I want to prove that $1+i$ is a prime element of ring of Gaussian integers $Z[i]$. I started off with saying that if $1+i$ is prime then $1+i|(a+bi)(c+di)$ implies $1+i|a+bi$ or $1+i|c+di$ for $a+bi,c+di$ in $Z[i]$. Taking conjugate, we get
$1-i|(a-bi)(c-di)$
Next we get,
$2|(a^2+b^2)(c^2+d^2)$
Since $2$ is a prime in $Z$ hence $2|(a^2+b^2)$ or $2|(c^2+d^2)$. After this I am stuck. I do not know how to get $1+i|a+bi$ or $1+i|c+di$ from here. Please suggest.

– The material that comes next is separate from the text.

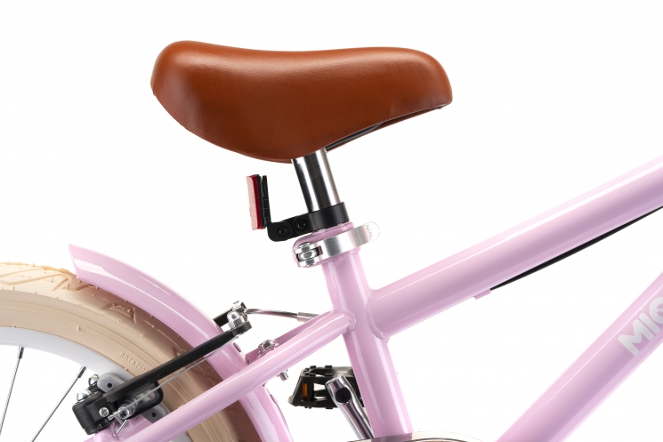 Кермо та сидіння регулюються по висоті в широкому діапазоні. Сидіння м'яке, з покриттям із ECO-шкіри. Грипси керма м'які гумові, з боковим захистом рук під час падіння. Ручне гальмо V-Brake і на передньому, і задньому колесі забезпечать надійне гальмування. Диск колеса 16` традиційний, спицевий з класичною втулкою на підшипниках. Високий та широкий профіль покришки забезпечать комфортне катання як по асфальту, так і по нерівностям. Колеса додатково захищені бризковики пофарбовані в колір велосипеда і надійно захистять від бруду і бризок.

Firstly, your way of phrasing your solution is not entirely correct. If you are trying to show that $z$ is prime, you should not start with "If $z$ is prime". However, your working is actually salvageable.
You showed that if $(1 + i) \mid (a + bi)(c + di)$, then that alone implies $2 \mid (a^2 + b^2)(c^2 + d^2)$.
(Without any assumption of $1 + i$ being prime. This is what I meant with "salvageable".)
WLOG, we have $2 \mid (a^2 + b^2)$. (We wish to show that $(1 + i) \mid (a + bi)$.)
Thus, either $a$ and $b$ are both even or both odd.
Case 1. $a$ and $b$ are even.
In this case, $2 \mid a$ and $2 \mid b$ and hence, $2 \mid (a + bi)$. Since $1 + i \mid 2$, you are done.
Case 2. $a$ and $b$ are odd.
Write $a = 2a' + 1$ and $b = 2b' + 1$ for integers $a', b'$.
Then, $$a + bi = 2(a' + b'i) + (1 + i).$$ Again, since $(1 + i) \mid 2$, it follows that $(1 + i) \mid a + bi$.